═══ Provided entries ═══

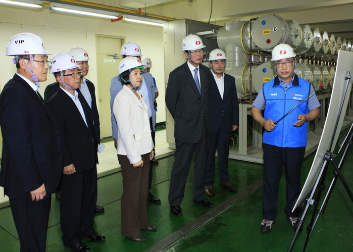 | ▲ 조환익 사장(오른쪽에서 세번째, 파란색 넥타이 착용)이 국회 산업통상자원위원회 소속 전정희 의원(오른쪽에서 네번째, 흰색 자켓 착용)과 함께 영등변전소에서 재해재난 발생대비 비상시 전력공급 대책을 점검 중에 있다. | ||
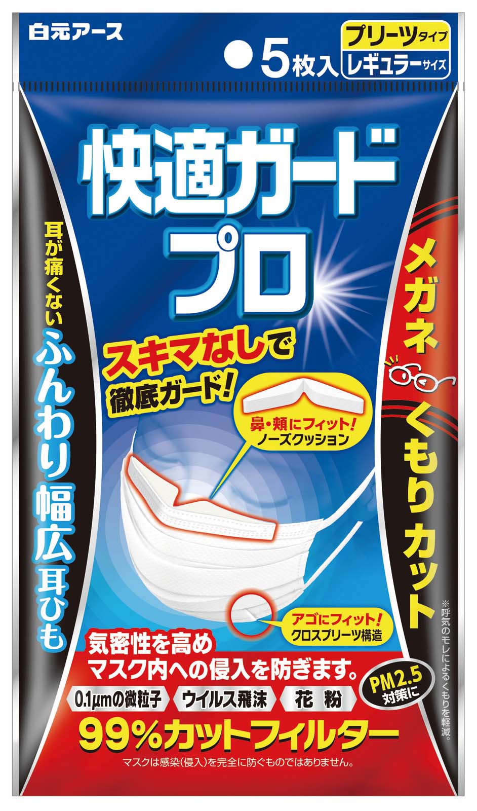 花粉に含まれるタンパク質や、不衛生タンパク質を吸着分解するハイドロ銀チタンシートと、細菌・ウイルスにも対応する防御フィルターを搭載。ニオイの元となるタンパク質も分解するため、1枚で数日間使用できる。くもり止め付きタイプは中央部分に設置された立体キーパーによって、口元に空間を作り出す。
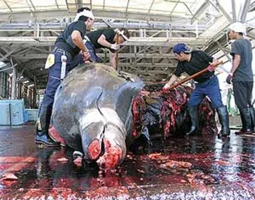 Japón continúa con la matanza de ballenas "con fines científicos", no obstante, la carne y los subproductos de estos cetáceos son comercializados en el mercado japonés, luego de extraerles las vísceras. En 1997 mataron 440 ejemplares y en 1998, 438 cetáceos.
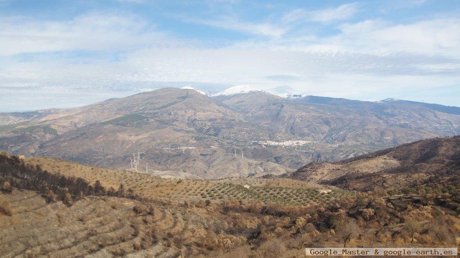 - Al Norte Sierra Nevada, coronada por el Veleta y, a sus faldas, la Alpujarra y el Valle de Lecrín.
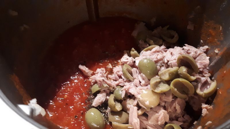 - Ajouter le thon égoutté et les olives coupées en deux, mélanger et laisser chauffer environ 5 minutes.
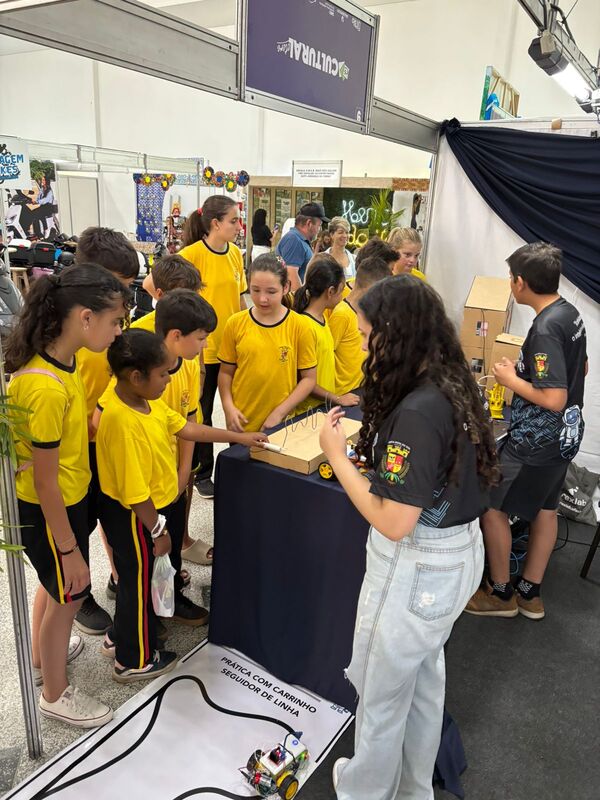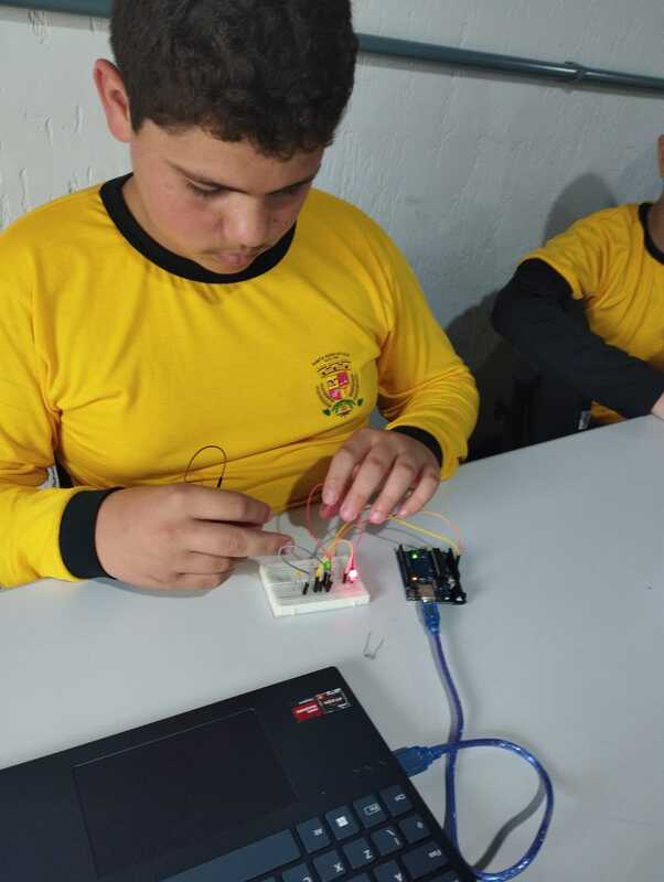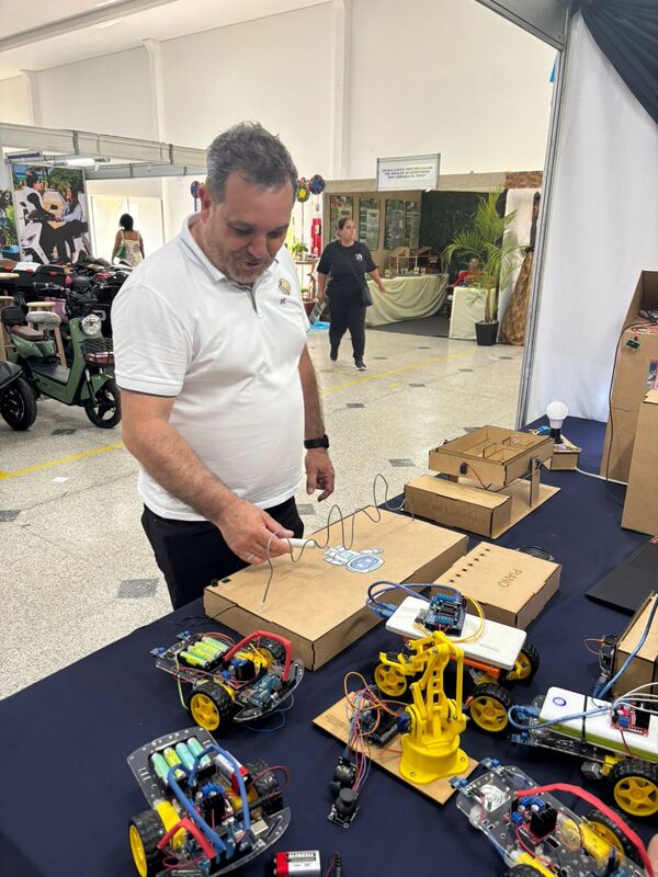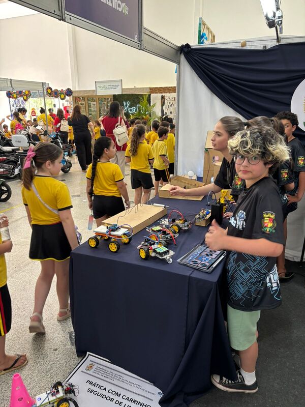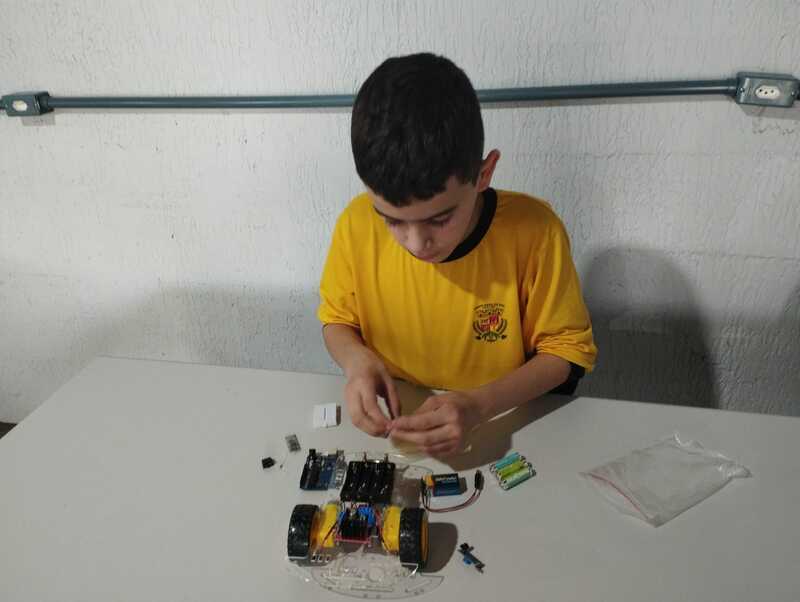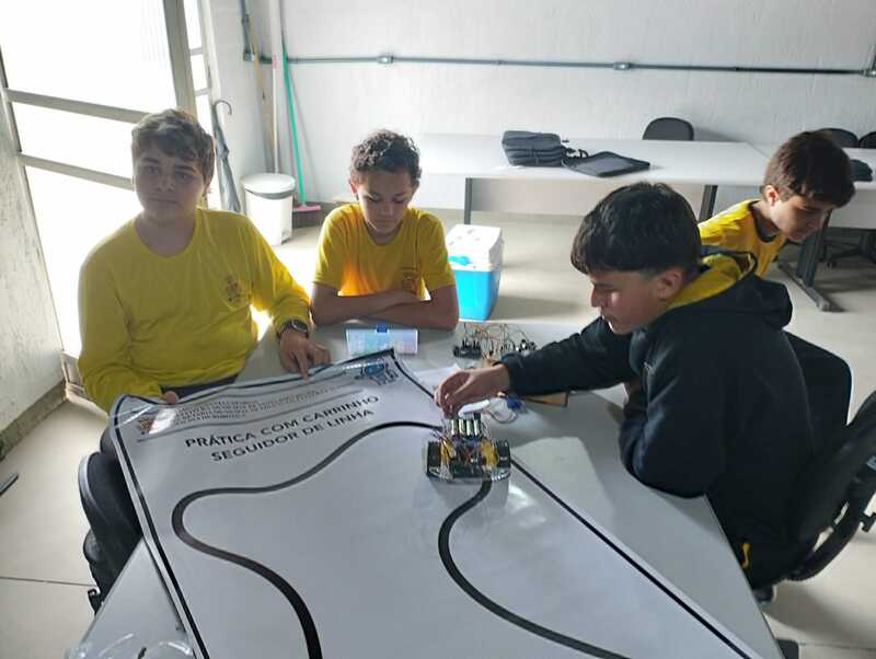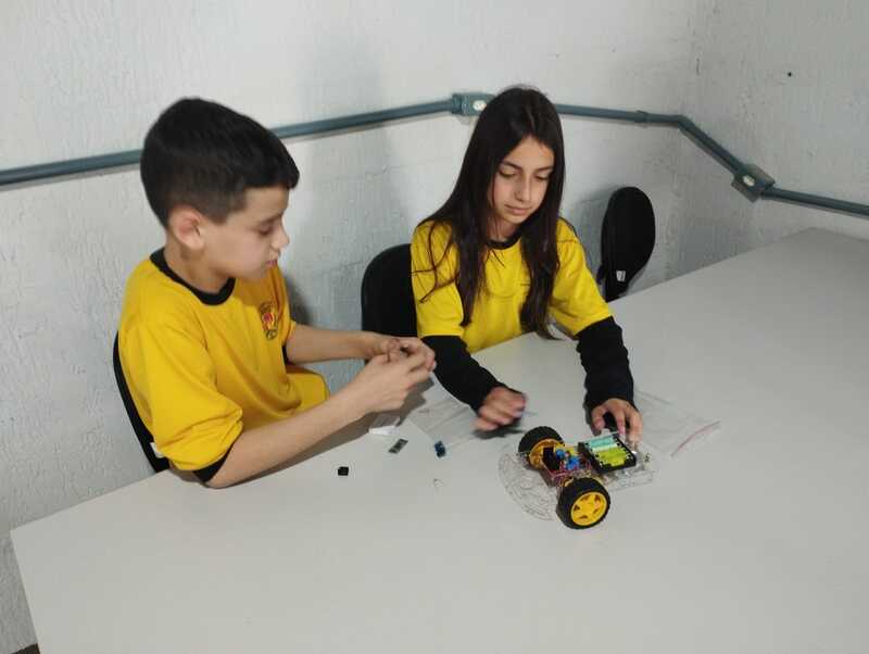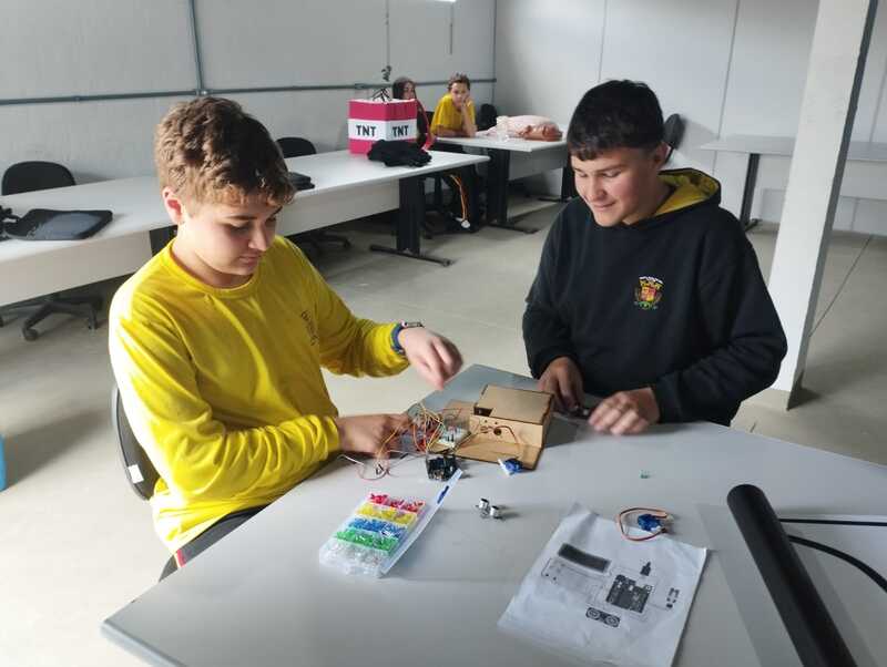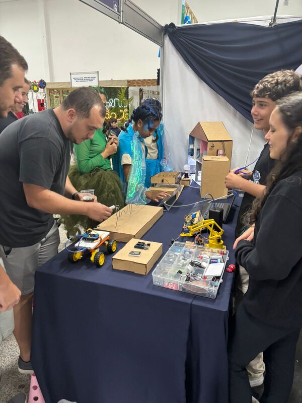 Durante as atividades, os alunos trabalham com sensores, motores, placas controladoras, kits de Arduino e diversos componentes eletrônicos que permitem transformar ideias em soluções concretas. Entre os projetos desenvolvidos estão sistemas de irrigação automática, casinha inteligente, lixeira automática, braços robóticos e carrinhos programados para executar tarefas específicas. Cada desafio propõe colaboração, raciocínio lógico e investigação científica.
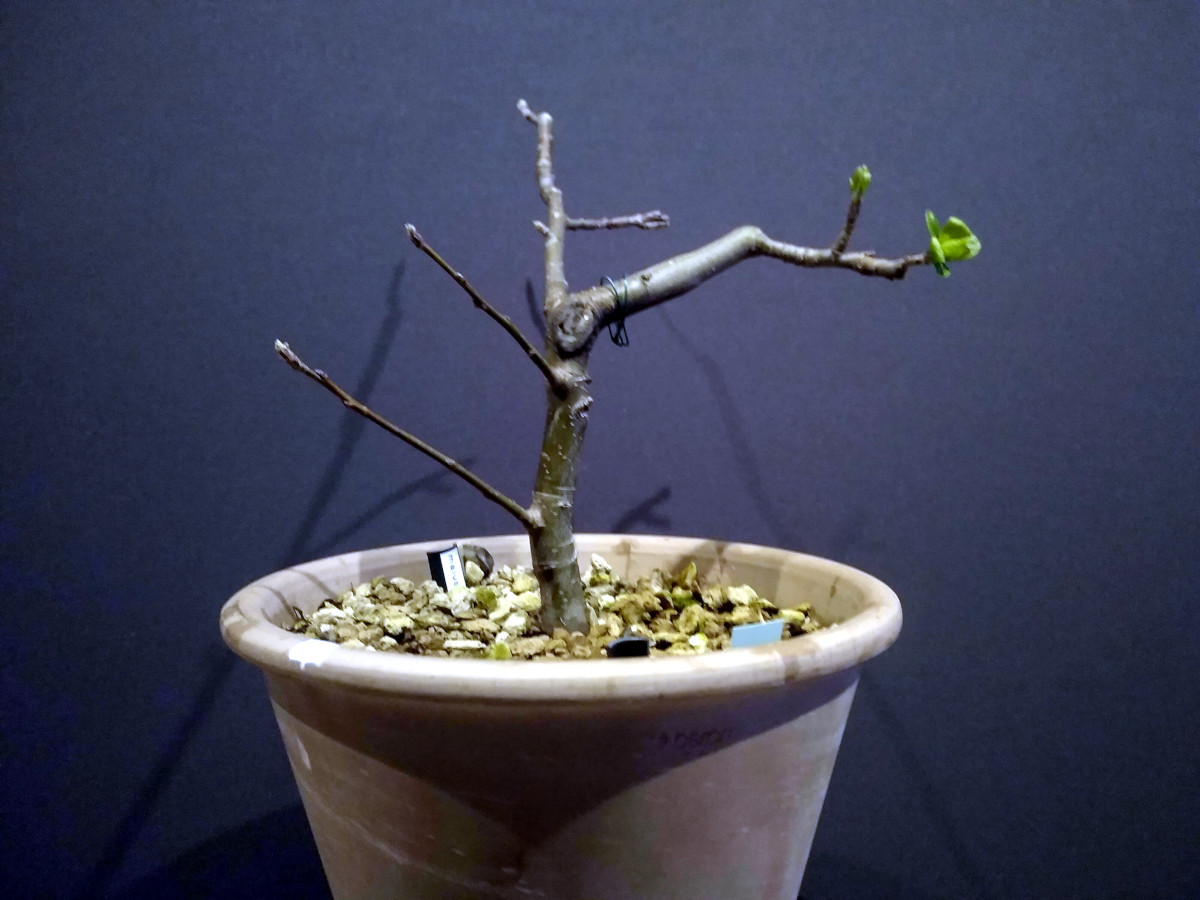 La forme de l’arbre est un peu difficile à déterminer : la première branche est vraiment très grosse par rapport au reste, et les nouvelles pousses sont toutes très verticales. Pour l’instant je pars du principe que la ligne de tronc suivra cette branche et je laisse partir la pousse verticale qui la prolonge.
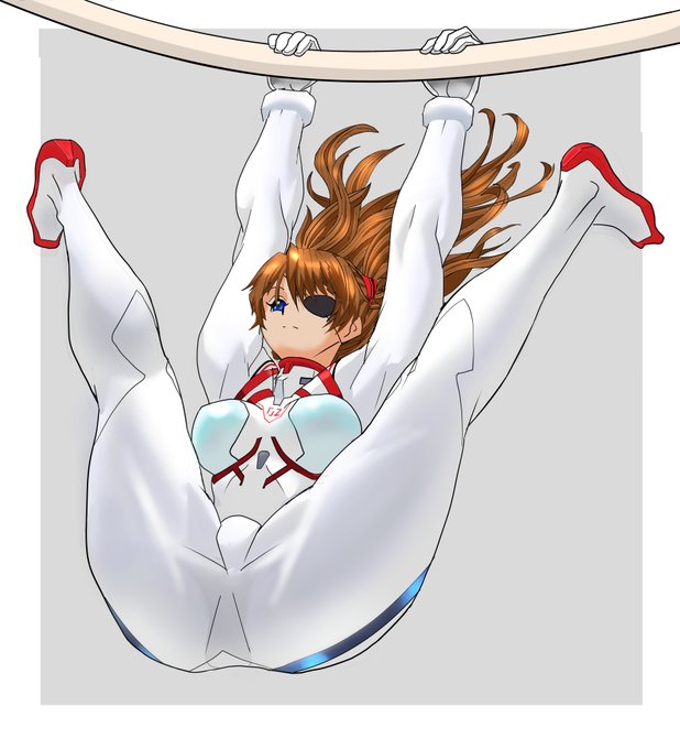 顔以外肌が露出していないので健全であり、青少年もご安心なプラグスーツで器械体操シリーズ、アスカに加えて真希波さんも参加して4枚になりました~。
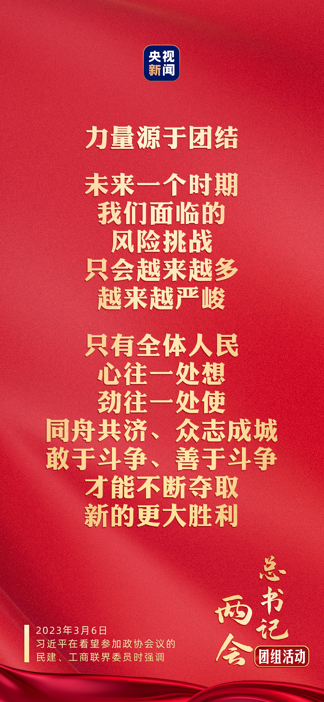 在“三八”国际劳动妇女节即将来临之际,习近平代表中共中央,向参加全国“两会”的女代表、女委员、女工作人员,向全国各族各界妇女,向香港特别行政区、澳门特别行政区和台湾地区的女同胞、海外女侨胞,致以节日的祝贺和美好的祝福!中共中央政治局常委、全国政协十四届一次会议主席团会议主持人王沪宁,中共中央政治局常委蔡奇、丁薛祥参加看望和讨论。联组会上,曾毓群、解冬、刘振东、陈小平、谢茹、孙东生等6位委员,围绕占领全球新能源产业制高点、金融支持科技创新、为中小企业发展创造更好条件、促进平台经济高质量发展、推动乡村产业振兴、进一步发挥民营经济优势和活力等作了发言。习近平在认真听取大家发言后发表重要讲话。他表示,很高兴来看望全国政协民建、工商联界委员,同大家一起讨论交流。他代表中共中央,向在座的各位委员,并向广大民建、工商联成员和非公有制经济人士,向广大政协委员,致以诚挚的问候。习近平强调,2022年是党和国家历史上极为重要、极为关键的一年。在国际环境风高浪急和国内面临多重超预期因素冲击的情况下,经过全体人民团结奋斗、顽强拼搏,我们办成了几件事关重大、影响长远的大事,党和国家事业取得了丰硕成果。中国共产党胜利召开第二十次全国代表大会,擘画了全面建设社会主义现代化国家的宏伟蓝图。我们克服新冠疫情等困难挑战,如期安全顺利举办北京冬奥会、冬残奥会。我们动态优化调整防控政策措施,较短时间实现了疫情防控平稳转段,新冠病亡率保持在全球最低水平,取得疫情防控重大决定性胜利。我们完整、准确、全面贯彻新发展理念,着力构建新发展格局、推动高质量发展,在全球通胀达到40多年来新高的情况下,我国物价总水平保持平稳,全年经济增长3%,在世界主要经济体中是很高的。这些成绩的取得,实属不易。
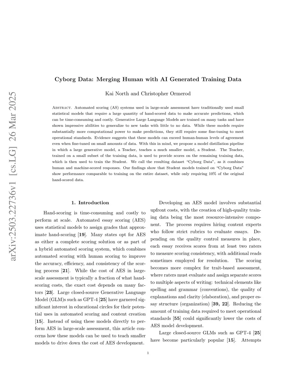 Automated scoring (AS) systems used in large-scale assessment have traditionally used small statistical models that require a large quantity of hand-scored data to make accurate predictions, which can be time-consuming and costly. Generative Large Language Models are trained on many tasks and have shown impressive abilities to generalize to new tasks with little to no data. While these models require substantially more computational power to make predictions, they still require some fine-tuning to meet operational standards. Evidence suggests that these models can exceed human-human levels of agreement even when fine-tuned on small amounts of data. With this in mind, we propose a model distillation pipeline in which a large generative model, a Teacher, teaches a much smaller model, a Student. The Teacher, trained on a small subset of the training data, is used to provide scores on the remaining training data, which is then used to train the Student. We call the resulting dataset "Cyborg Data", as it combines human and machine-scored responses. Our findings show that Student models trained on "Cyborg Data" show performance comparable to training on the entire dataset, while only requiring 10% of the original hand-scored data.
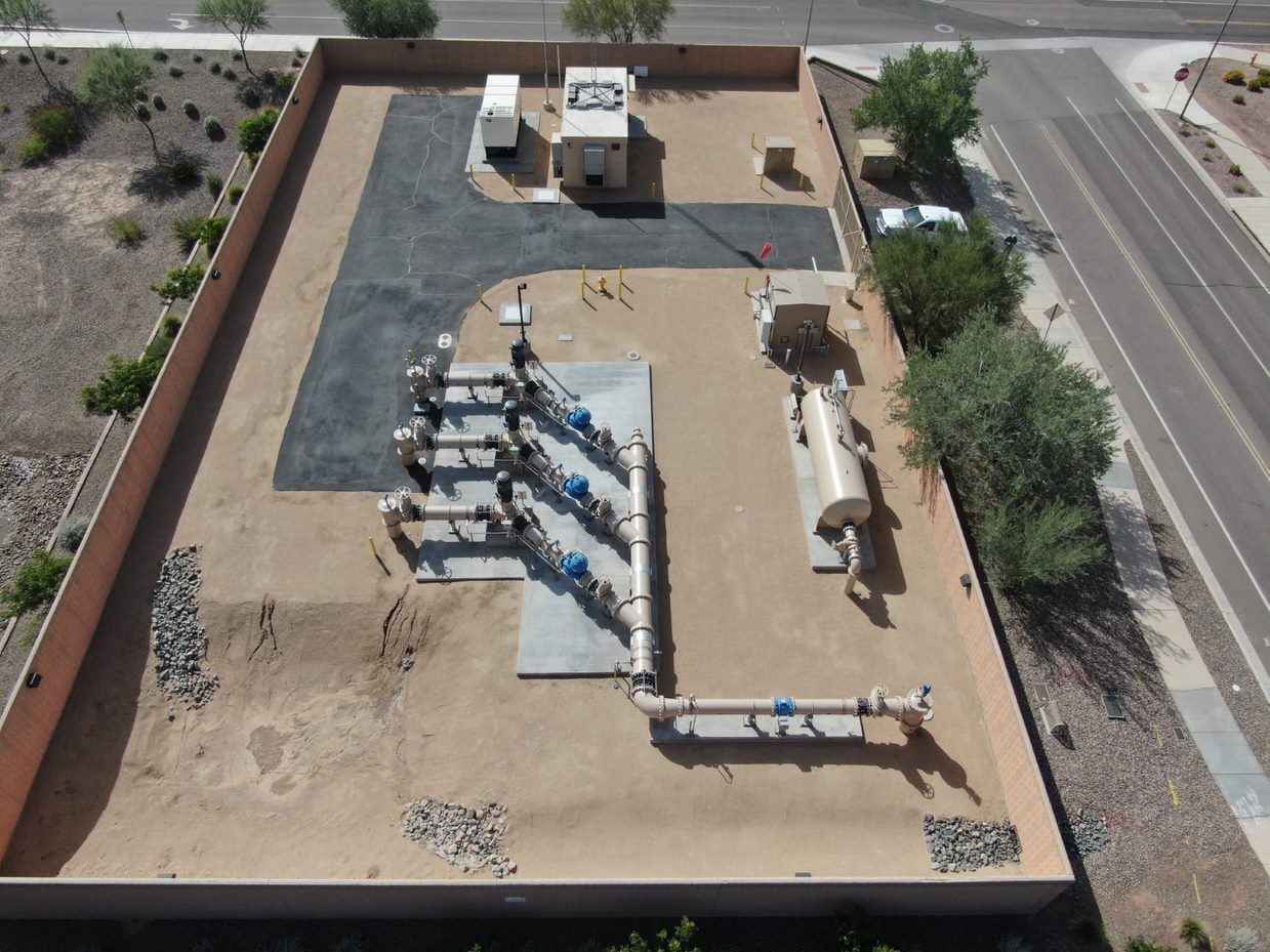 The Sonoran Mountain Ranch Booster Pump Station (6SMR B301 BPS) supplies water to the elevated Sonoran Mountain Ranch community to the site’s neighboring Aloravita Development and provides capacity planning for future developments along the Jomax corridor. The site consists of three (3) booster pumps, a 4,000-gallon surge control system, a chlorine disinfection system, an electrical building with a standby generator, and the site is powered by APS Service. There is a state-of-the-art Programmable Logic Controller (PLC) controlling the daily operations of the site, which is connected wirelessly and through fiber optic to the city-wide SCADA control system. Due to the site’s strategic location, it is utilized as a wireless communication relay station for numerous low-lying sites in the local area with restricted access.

═══

* **Work required**: Repeat only the lines between the start of the data and the line with "顔以外肌が露出していないので", including those two lines, and skip the pictures.

* **Exercise answer**:
 | ▲ 조환익 사장(오른쪽에서 세번째, 파란색 넥타이 착용)이 국회 산업통상자원위원회 소속 전정희 의원(오른쪽에서 네번째, 흰색 자켓 착용)과 함께 영등변전소에서 재해재난 발생대비 비상시 전력공급 대책을 점검 중에 있다. | ||
 花粉に含まれるタンパク質や、不衛生タンパク質を吸着分解するハイドロ銀チタンシートと、細菌・ウイルスにも対応する防御フィルターを搭載。ニオイの元となるタンパク質も分解するため、1枚で数日間使用できる。くもり止め付きタイプは中央部分に設置された立体キーパーによって、口元に空間を作り出す。
 Japón continúa con la matanza de ballenas "con fines científicos", no obstante, la carne y los subproductos de estos cetáceos son comercializados en el mercado japonés, luego de extraerles las vísceras. En 1997 mataron 440 ejemplares y en 1998, 438 cetáceos.
 - Al Norte Sierra Nevada, coronada por el Veleta y, a sus faldas, la Alpujarra y el Valle de Lecrín.
 - Ajouter le thon égoutté et les olives coupées en deux, mélanger et laisser chauffer environ 5 minutes.
 Durante as atividades, os alunos trabalham com sensores, motores, placas controladoras, kits de Arduino e diversos componentes eletrônicos que permitem transformar ideias em soluções concretas. Entre os projetos desenvolvidos estão sistemas de irrigação automática, casinha inteligente, lixeira automática, braços robóticos e carrinhos programados para executar tarefas específicas. Cada desafio propõe colaboração, raciocínio lógico e investigação científica.
 La forme de l’arbre est un peu difficile à déterminer : la première branche est vraiment très grosse par rapport au reste, et les nouvelles pousses sont toutes très verticales. Pour l’instant je pars du principe que la ligne de tronc suivra cette branche et je laisse partir la pousse verticale qui la prolonge.
 顔以外肌が露出していないので健全であり、青少年もご安心なプラグスーツで器械体操シリーズ、アスカに加えて真希波さんも参加して4枚になりました~。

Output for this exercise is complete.